■ **Activity**
Copy the lines below as they are; omit the images they contain.

■ **Data below**
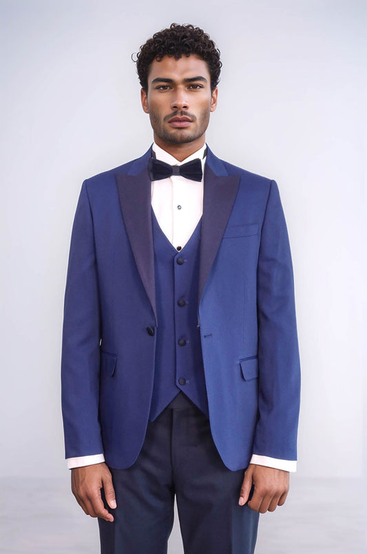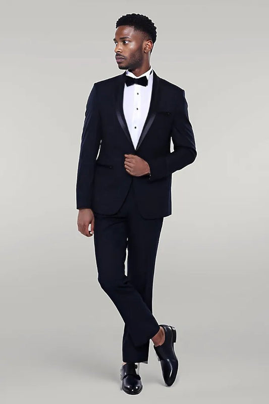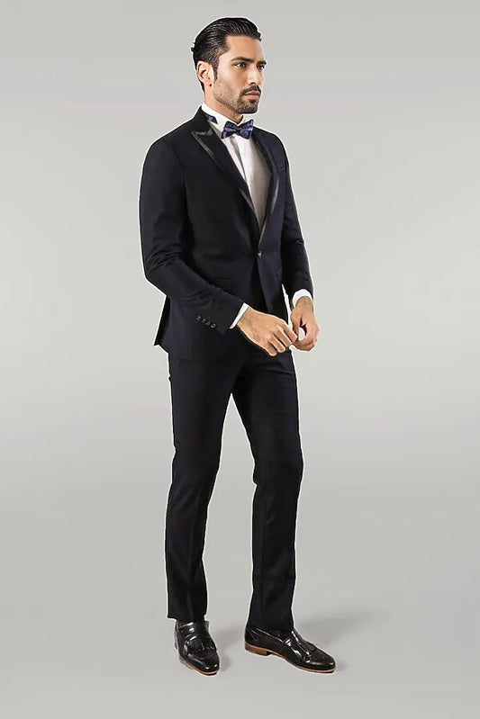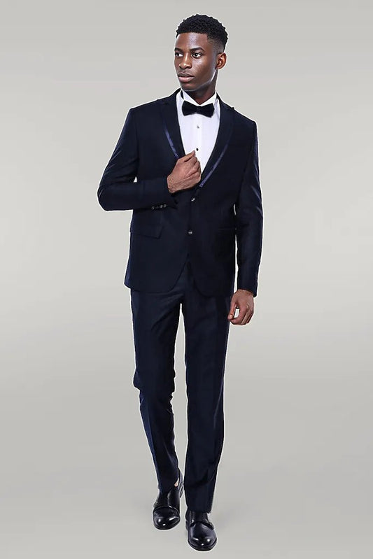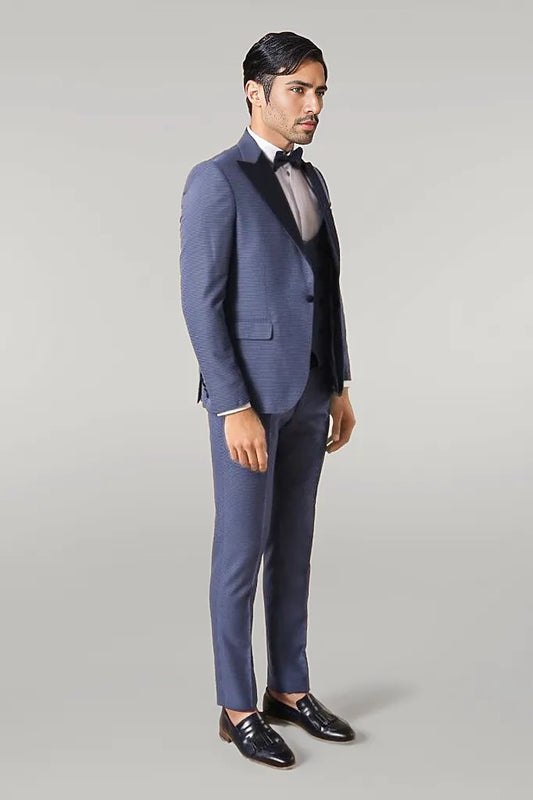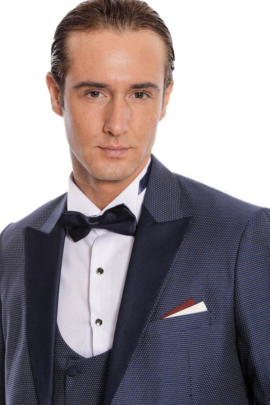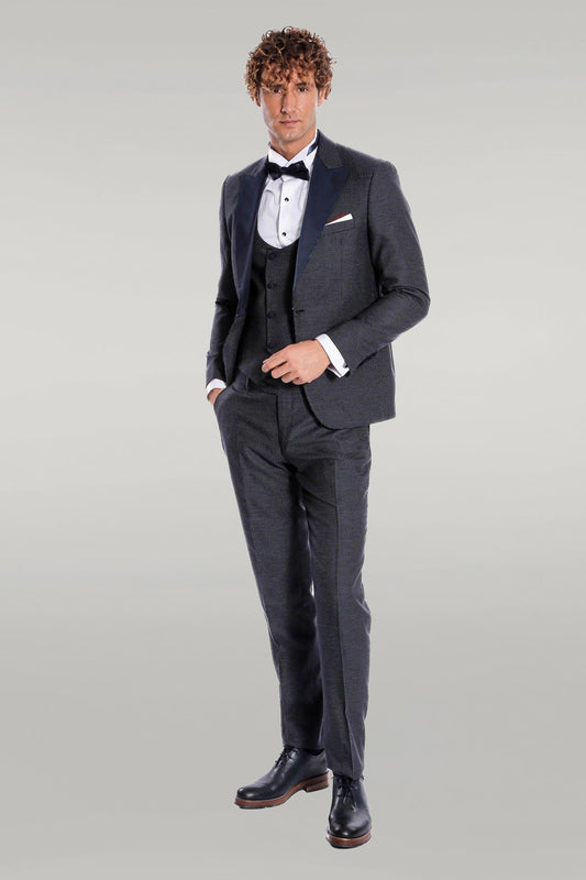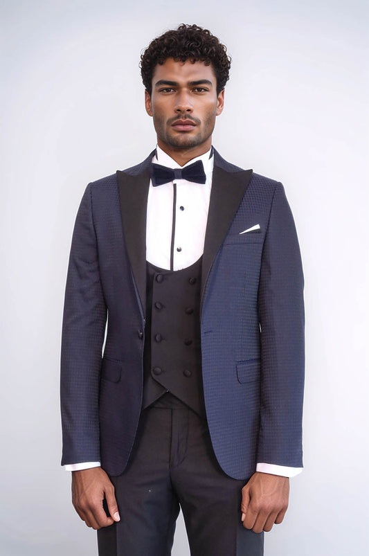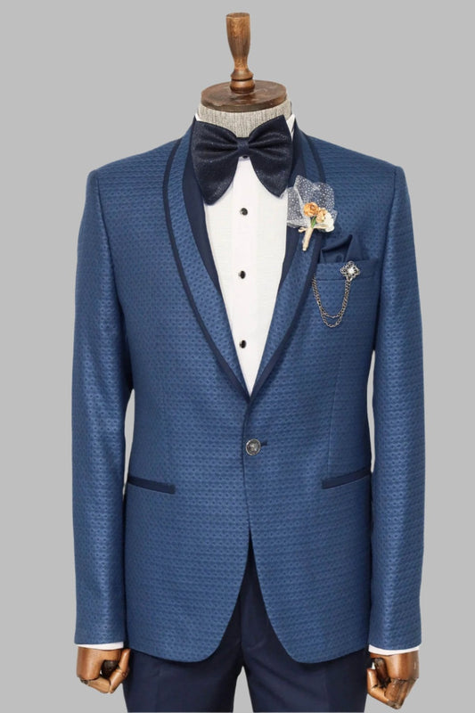 Velvet Lapel Patterned Navy Blue Tuxedo -
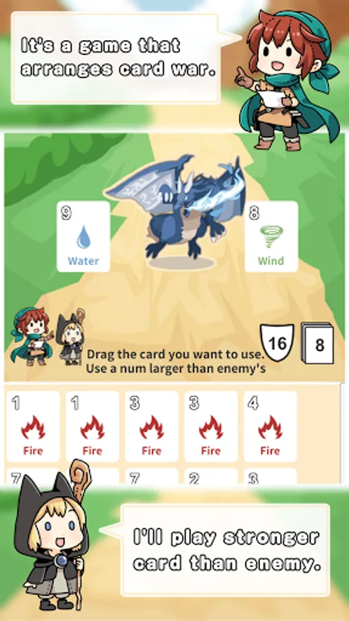 If the card you play is larger than your enemy's, you can destroy his deck; if it is lower, you lose your deck.
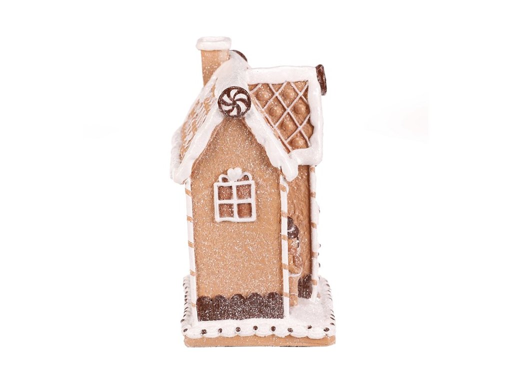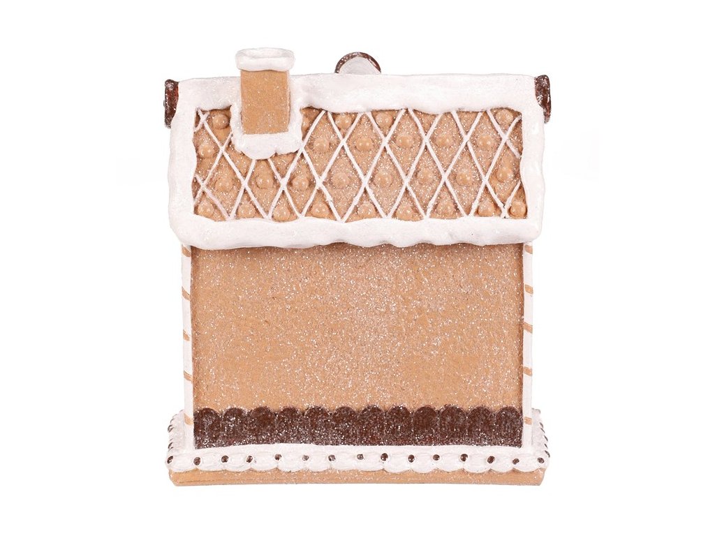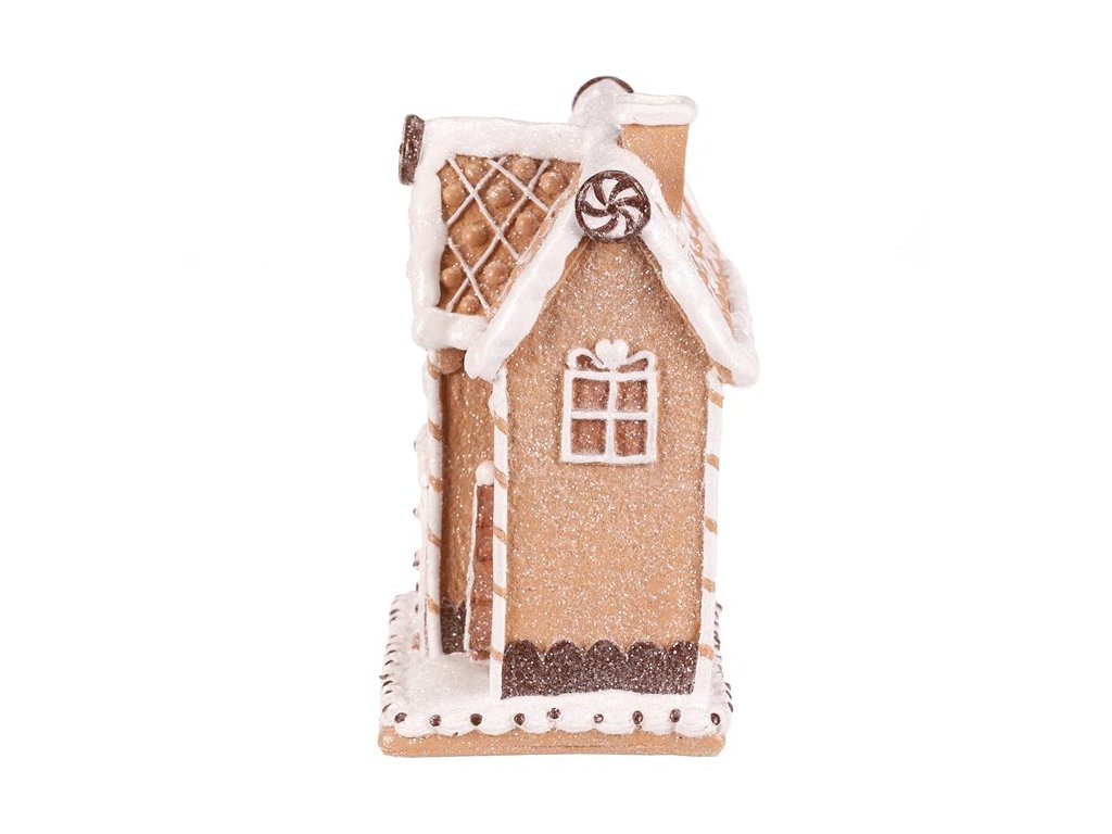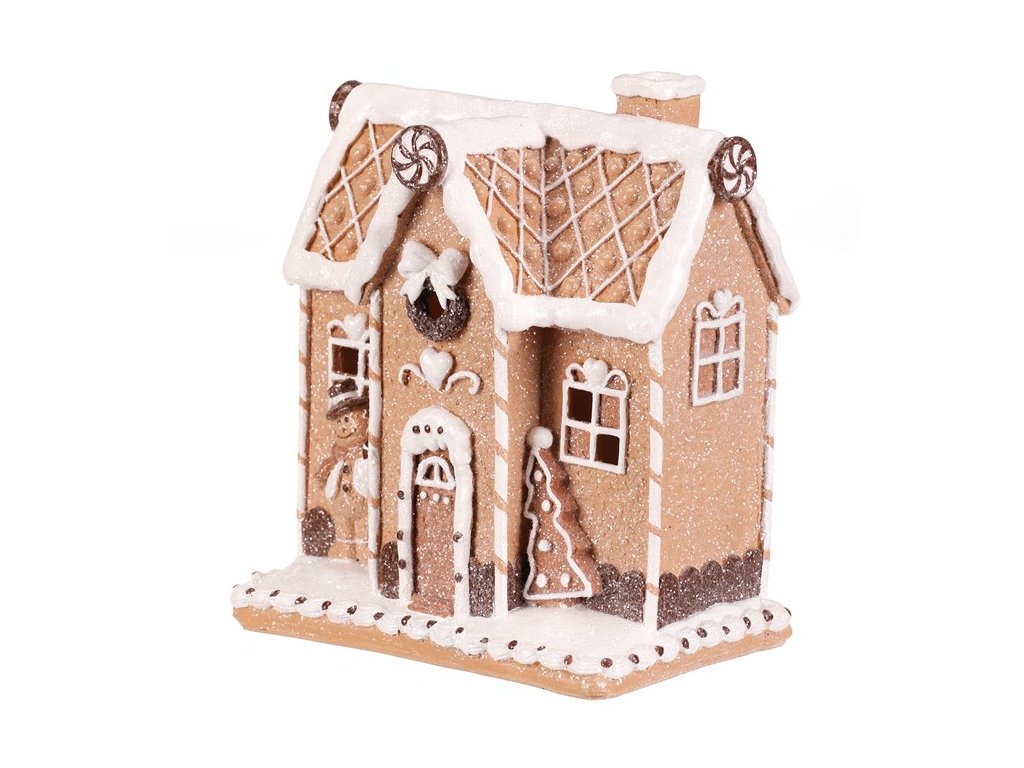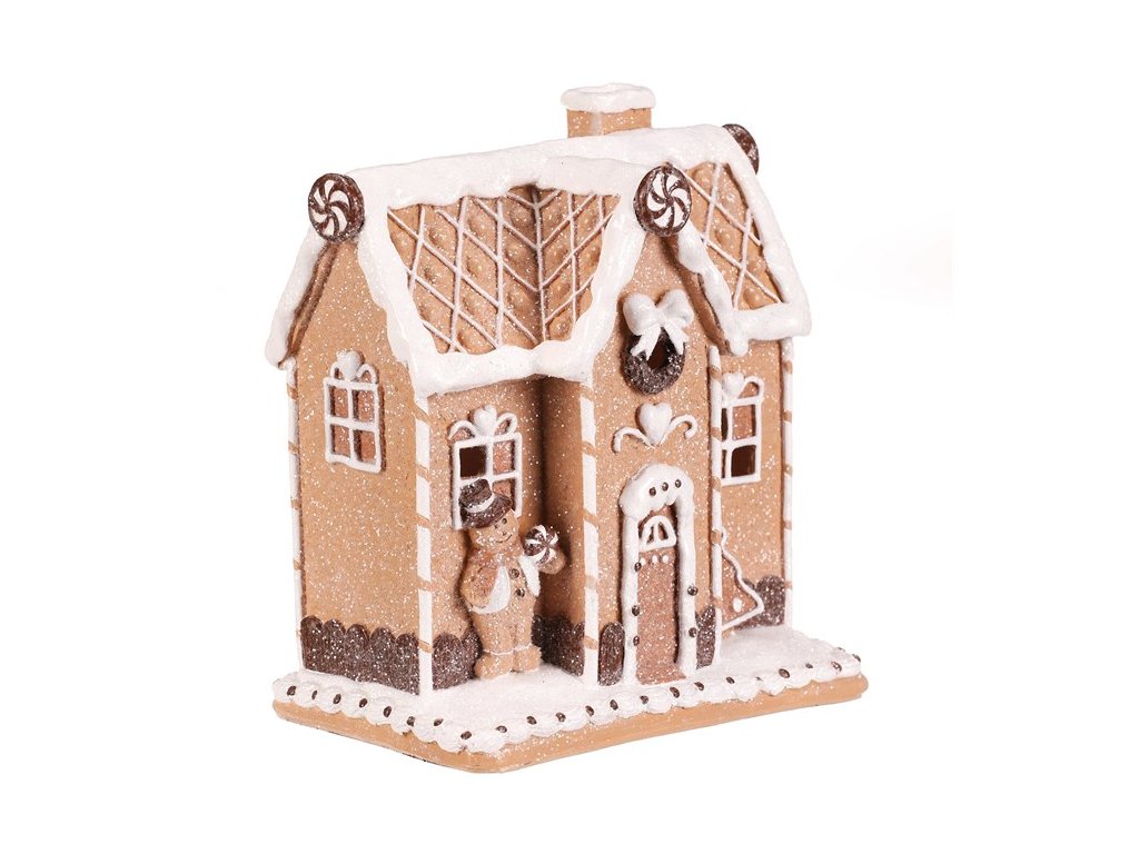 Perníkový domek s panáčkem z polyresinu, vybavený LED osvětlením, je vánoční dekorace, která přinese do vašeho domova kouzlo zimní pohádky. Hnědo-bílá kombinace a jemné detaily po rozsvícení vytvoří teplý a magický světelný efekt, který oživí vaše sváteční aranžmá.

■ **Task output**
 Velvet Lapel Patterned Navy Blue Tuxedo -
 If the card you play is larger than your enemy's, you can destroy his deck; if it is lower, you lose your deck.
 Perníkový domek s panáčkem z polyresinu, vybavený LED osvětlením, je vánoční dekorace, která přinese do vašeho domova kouzlo zimní pohádky. Hnědo-bílá kombinace a jemné detaily po rozsvícení vytvoří teplý a magický světelný efekt, který oživí vaše sváteční aranžmá.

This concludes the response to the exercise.